Roderick called out to him: "Only one word! I shall set off tomorrow at daybreak with my friend here, to spend a few days in the country, but will look in upon you to say goodbye before we start. Should you be asleep, as is most likely, you need not take the trouble of waking; for, before a week is out, I shall be back again.--The strangest being upon earth!" he continued, turning to his neighbour; "so moping and fretful, such a splitter of thoughts, that he turns all his pleasures sour; or rather there is no such thing as pleasure for him. Instead of walking about with his fellow creatures in broad daylight and enjoying himself, he gets down to the bottom of the well of his fancies, in the hope of now and then catching a glimpse of a star. Everything must be in the superlative for him: everything must be pure, and majestic, and etherial, and celestial: his heart must be always throbbing and heaving, even when he is standing before a puppet show. He never laughs or cries, but can only smile and weep; and forsooth there is mighty little difference between his weeping and his smiling. When anything, be it what it may, falls short of his anticipations and preconceptions, which are always flying up out of reach and sight, he puts on a tragical face, and complains that it is a base and soulless world. At this very moment, I make no doubt, he is requiring that under the masks of a Pantaloon or a Punch there should be a soul glowing with unearthly desires and ideal aspirations, and that Harlequin should outmoralize Hamlet on the nothingness of sublunary things: and if these expectations are disappointed, as they can never fail to be, the dew is sure to rise into his eyes, and he will turn his back on the whole motley scene in desponding contempt."

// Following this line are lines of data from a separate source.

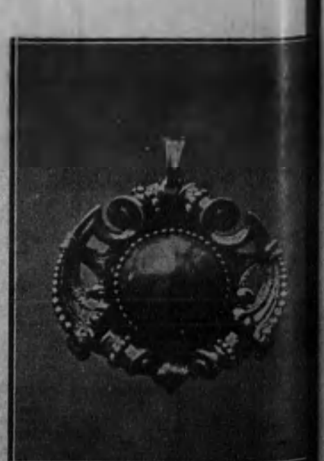
Pendentif. (Ramón Sunyer.)
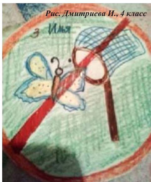
Рис. Дмитриева И., 4 класс
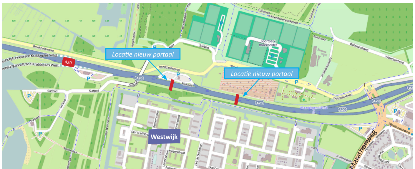
Afbeelding 1 locatie plaatsen nieuwe portalen
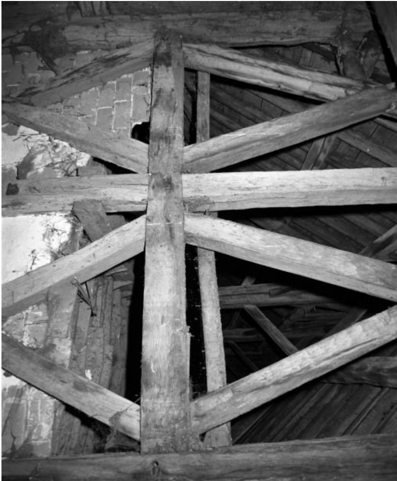
Comble : charpente du beffroi, côté nef.
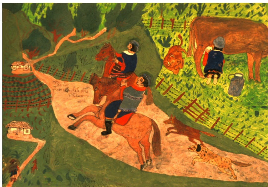
Una pareja a caballo por el camino mientras una mujer ordeña una vaca
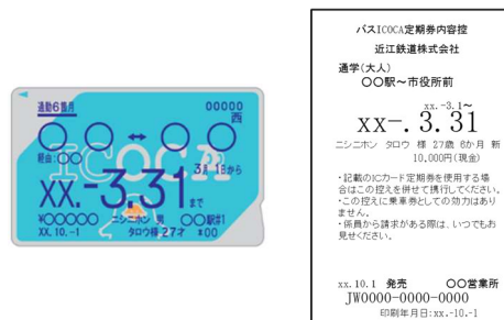
<バス ICOCA 定期券内容控>
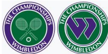
Şekil 1. 3. Wimbledon Tenis Turnuvası sembolü

Halen doğal çimde oynanan tek turnuva olan Wimbledon Tenis Turnuvası, her yıl Haziran ve Temmuz aylarında yapılmaktadır. İlk Wimbledon şampiyonası 1877'de All England Croquet and Lawn tenis kulübü kroket sahalarında yapıldı. Amatör tenisçiler tarafından oynanan Wimbledon tenis şampiyonası 1968'de profesyonel tenis sporcularına açılmıştır (Britannia, 2021).
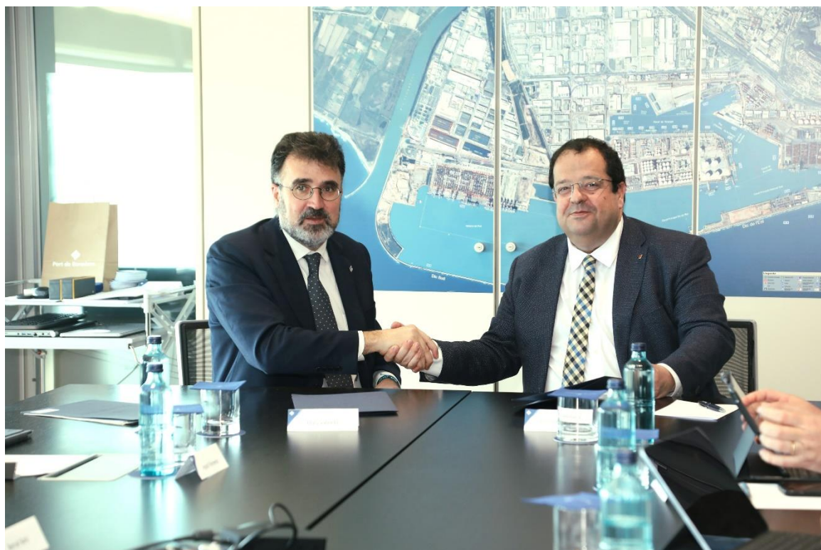
FOTO: El president del Port de Barcelona, Lluís Salvadó, i el conseller d'Interior, Joan Ignasi Elena, durant la signatura de l'acord.

L'objectiu és definir un model de seguretat del Port Vell–Port Ciutat que garanteixi que aquesta infraestructura, per on transiten a l'any més de 18 milions de persones i que rep força pressió d'aquelles problemàtiques que més afecten la ciutat, tingui cobertes les seves necessitats de prestació dels serveis públics de seguretat.
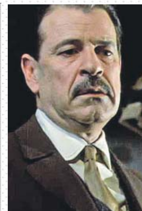
Un fotograma de la serie La huella del crimen.

Por episodios como El crimen de las estanqueras de Sevilla (Ricardo Franco), Jarabo (Juan Antonio Bardem) o El crimen del capitán Sánchez (de Vicente Aranda, quien planeó su Amantes como un capítulo de la serie) desfilan policías brutales, psicópatas de clase alta, militares que violan a sus hijas y confidentes mezquinos, habitantes
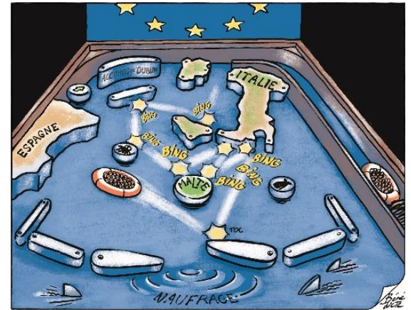
Caricature par Benedicte, Courrier International

Navire de l'ONG SOS Méditerranée, l'Aquarius a servi entre 2016 et 2018 avant d'être remplacé par l'Ocean Viking, toujours en action. Il mena de nombreuses opérations humanitaires dans le but de secourir un maximum de migrants des dangers du voyage et des risques de noyade. Elle fut l'objet de controverse, l'opposition considérant qu'elle encourageait plus de migrants à franchir les frontières.
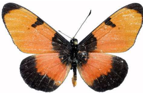
anemosa mâle, Vwaza Marsh (Malawi).jpg anemosa
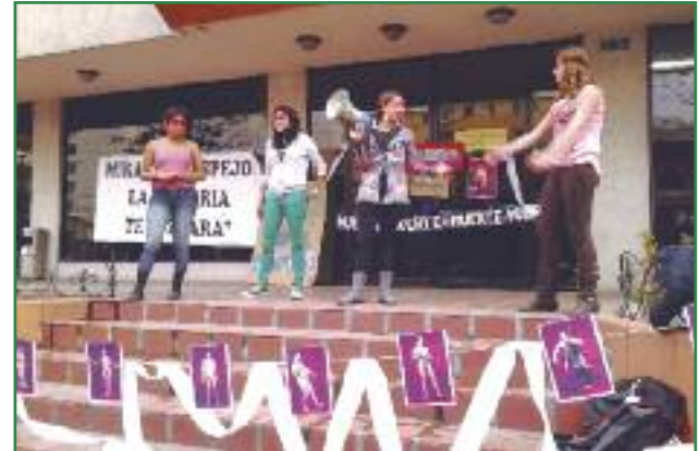
Clausura simbólica del Ministerio de Cultura por no velar por los pueblos en aislamiento voluntario
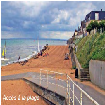
Accès à la plage
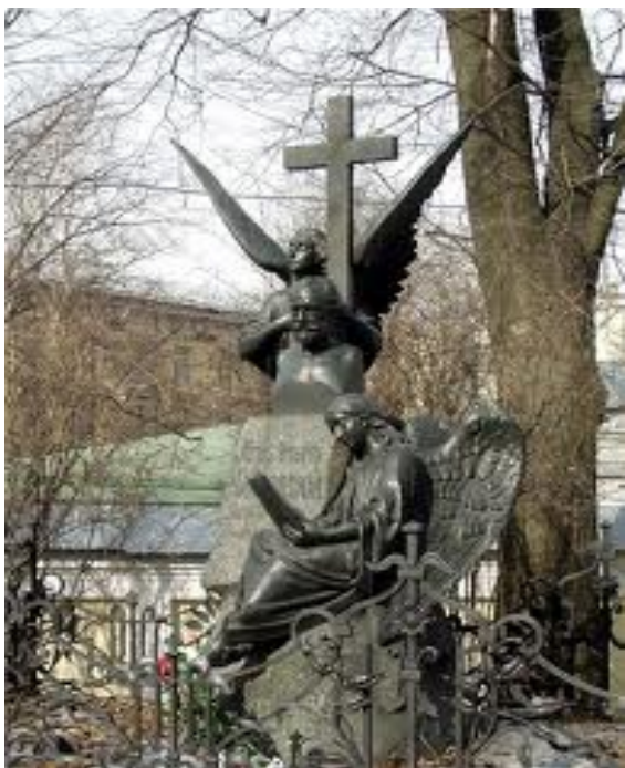
آرامگاه پیتر چایکوفسکی، سنت پیترزبورگ، روسیه
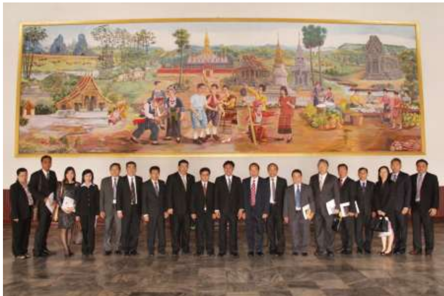
นายสุวิจักขณ์ นาควิระชัย เลขาธิการสภาผู้แทนราษฎร และคณะ ถ่ายรูปเป็นที่ระลึกร่วมกับ ดร.อุ๋นแก้ว วุฑิลาต หัวหน้าห้องว่าการสภาแห่งชาติลาว (Hon. Dr. Ounkeo Vuthilath, Chief of the Cabinet Office of the Lao National Assembly) และคณะ ณ สภาแห่งชาติ
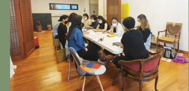
WDU 예정한복연구소 스터디
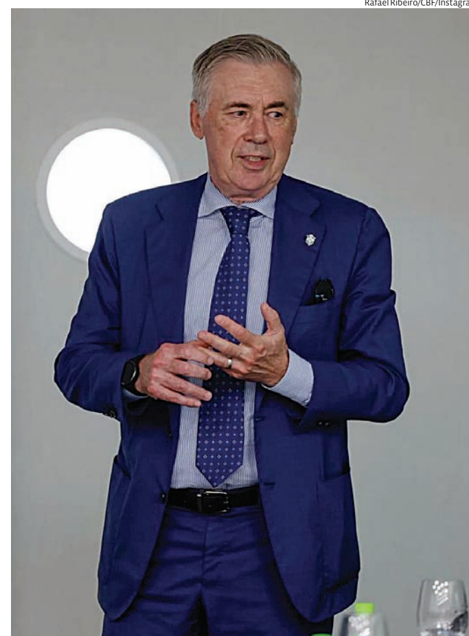
Jogadores fora da relação inicial ainda podem disputar a Copa

A lista final da Seleção Brasileira deve ser anunciada nas próximas sema-
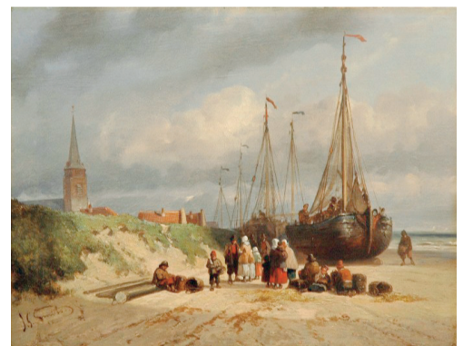
Bomschuit op het strand (H.W. Mesdag).

De keuze is gevallen op een miniaturbomschuit. De bomschuit is het platte scheepstypet dat in Scheveningen het langst in gebruik is geweest. Het is op tal van schilderijen, onder andere van Mesdag, afgebeeld. Het wordt een kerkscheepje van tachtig bij veertig centimeter, gemaakt naar originele tekeningen. Het wordt vervaardigd door modelbouwer Herman Visser uit Papendrecht.
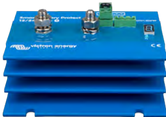
Smart BatteryProtect BP-220
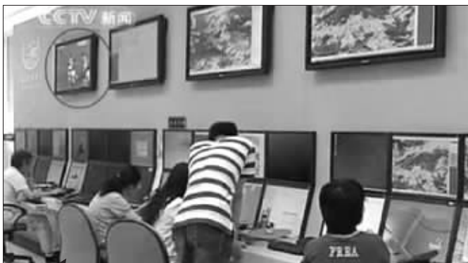
17:19 视频进行到17分19秒,气象台办公室再度出现世界杯画面

工作室里出现了世界杯画面,这有点说不过去,希望能有个说法。”不过,也有球迷网友表示可以理解:“气象台也不是转瞬即逝,非要时时刻刻盯着吗?不觉得偶尔放松一下有什么。”还有球迷更坦诚:“我就是开着word做事还上网看球的……其实这种情况是有点普遍,我想我也需要反思吧。”
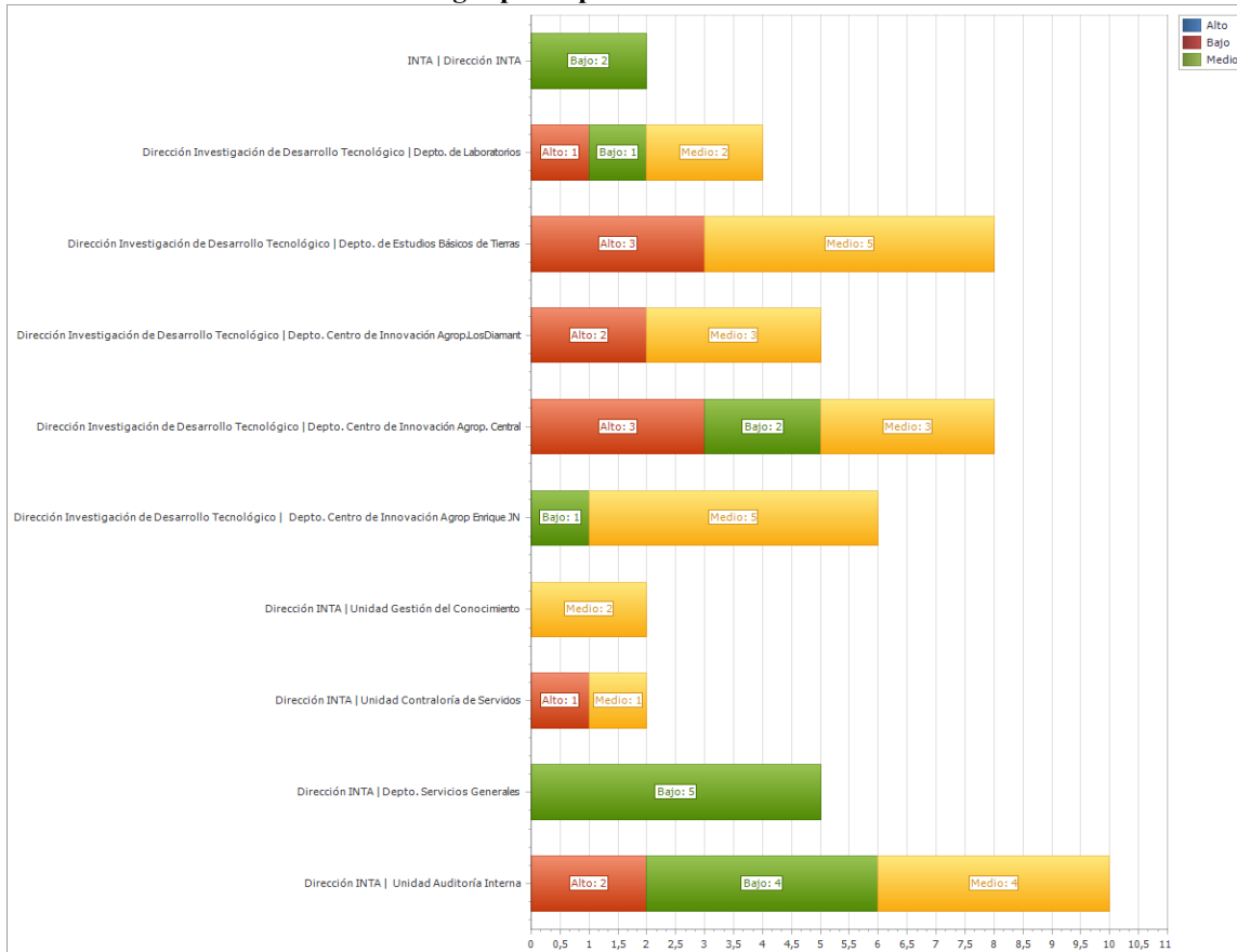
Gráfico N°1: INTA-Nivel de los riesgos por dependencia. Diciembre 2025.
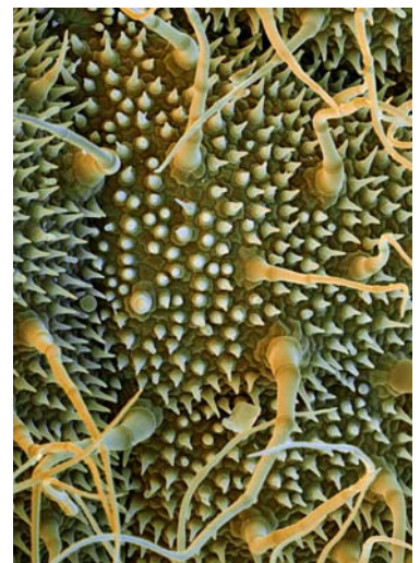
Bild 6: Drüsenhaare auf der Blattoberfläche der Zitronen- melisse Melissa officinalis
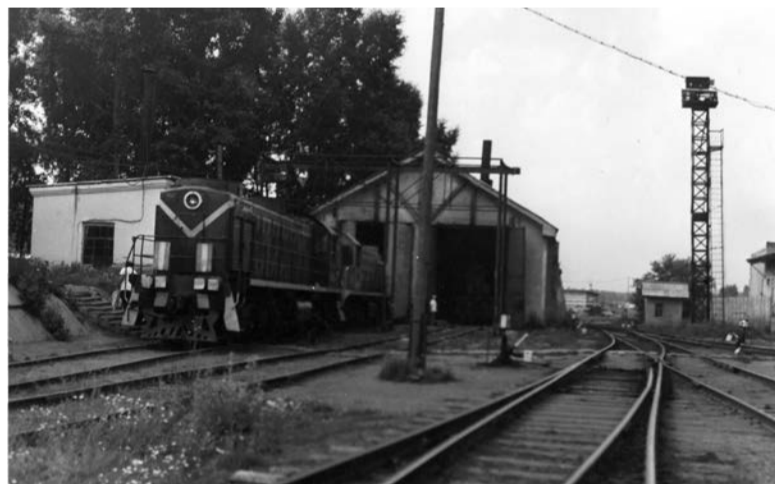
Деревянное паровозное депо. 1984 год.

Периодом расцвета ПТУ стали 70-е и 80-е годы. Жизнь бурлила во всех направлениях. Это период наивысших производственных результатов работы предприятия и участия трудящихся в общественной жизни. Ежегодно выезжали на сенокос, на уборку урожая в совхозы. Организовывали выезды по грибы, прогулки на теплоходе по реке Томь. Проводили спортивные соревнования и шахматные турниры. Коллектив участвовал в работе народной дружины и активно выходил на субботники. Много внимания уделялось детям, начиная с утренников
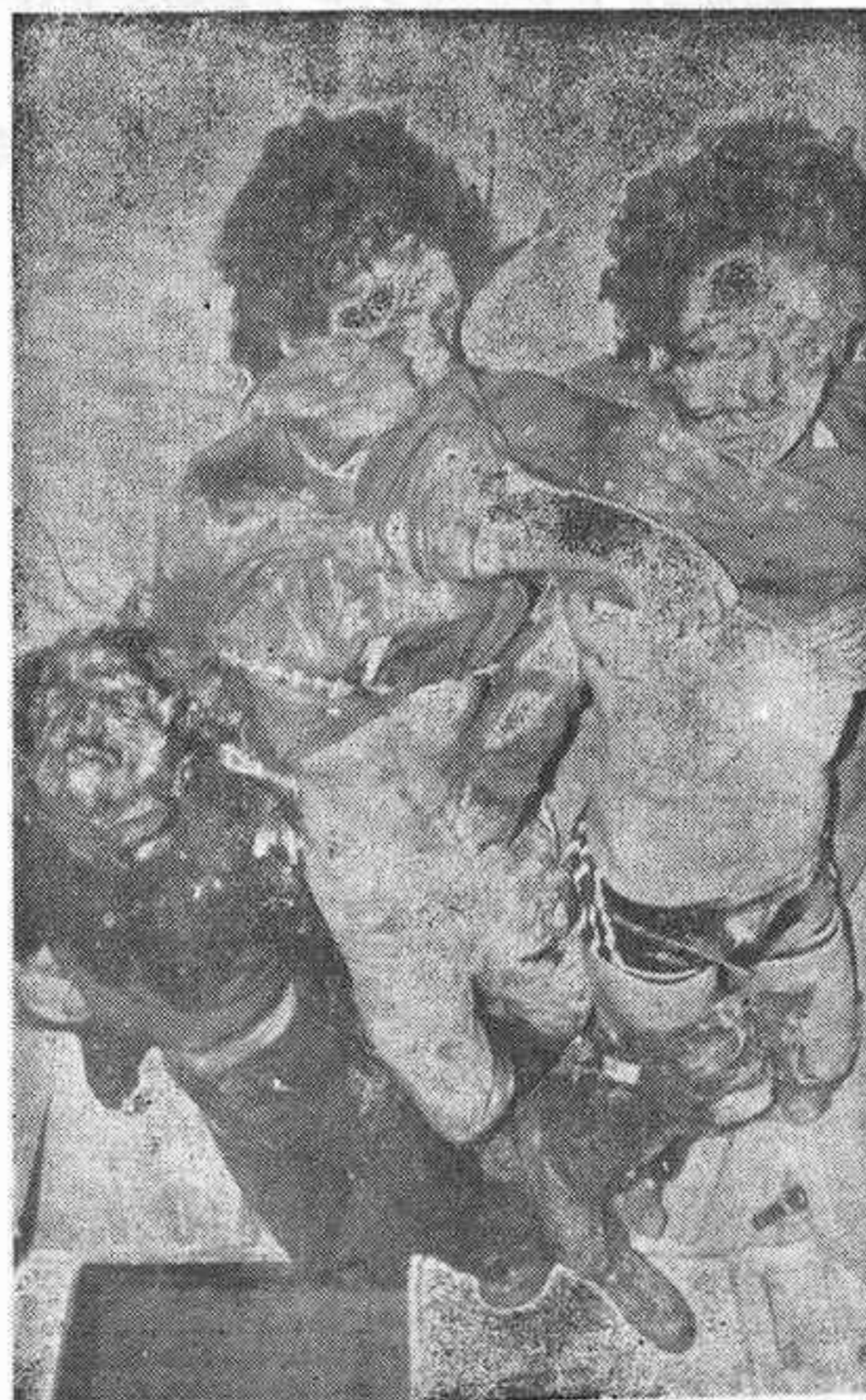
KIBBUTZ HANITA (Israel). — Tropas israelíes dieron muerte a tres comandos palestinos armados, que cruzaron la frontera libanesa. El choque, en el que no se registró ninguna baja israelí, ocurrió a dos millas al sur de la frontera, y es el primer incidente desde el pasado día 7 de abril, en que cinco palestinos fueron muertos en el asalto a una guardería infantil en Misgav.

VARSOVIA, 15 (Efe). — Con la propuesta soviética de celebrar una conferencia mundial para los focos de tensión internacional y para evitar la guerra, finalizó hoy la cumbre del Pacto de Varsovia.

"He must be atrabilious then?" askt his hearer.
"Not that exactly," answered Roderick: "he has only been spoilt by the indulgence of his overfond parents and by his own. He has accustomed himself to let his heart ebb and flow as regularly as the sea; and if this motion is ever at a stop, he cries out _a miracle!_ and would offer a prize to the philosopher who should give a satisfactory explanation of so marvellous a phenomenon. He is the best fellow under the sun; but all my painstaking to break him of this perverseness has been utterly vain and thrown away; and if I would not earn scurvy thanks for my goodwill, I must even let him follow his own devices."
"Might not a physician do him good?" remarkt Anderson.
"It is one of his whims," replied Roderick, "to entertain a supreme contempt for the whole medical art. He will have it that every disease is something different and distinct in every particular patient, that there is no arranging it under any class, and that it is absurd to think of healing it by attending to ancient practice, and still more so by what is called theory: he would much rather apply to an old woman, and make use of sympathetic cures. In like manner he despises all foresight in other matters, and everything like regularity, moderation, and common sense: the last above all he holds in special abhorrence, as the antipode and arch-enemy to all enthusiasm. While yet a child he framed for himself an ideal of a noble character; and his constant aim is to make himself what he considers such, that is to say, a being who shews his superiority to all earthly things by his scorn for riches. Merely to avoid being suspected of stinginess, or of giving unwillingly, or of caring about money, he flings it right and left by handfuls; with all his large fortune he is for ever poor and distrest, and is the bubble of all such as are not gifted with precisely the same sort of magnanimity which for himself he is determined to attain to. To be his friend is the task of all tasks: for he is so touchy, you need only cough, or eat with your knife, or not sip your drink as delicately as a cow, or even pick your teeth, to offend him mortally."
"Was he never in love?" askt his country friend.
"Whom should he love? whom could he love?" answered Roderick. "He despises all the daughters of earth; and if he had a favorite, and were ever to suspect that she had not an angelical contempt for dress, or liked dancing at times as well as star-gazing, it would break his heart: still more tremendous would it be, if she were ever so unlucky as to sneeze."
Meanwhile Emilius was again standing among the crowd: but on a sudden he was seized by that heart-burning, that shivering, which had already so often come over him in the midst of a multitude in a like state of excitement. It drove him out of the ballroom, out of the house, and along the desolate streets; nor did he recover and regain the quiet possession of his senses, till he reacht his lonely chamber. The night light was already burning; he sent his servant to bed: everything over the way was silent and dark, and he sat down to pour forth the feelings which the ball had aroused, in verse.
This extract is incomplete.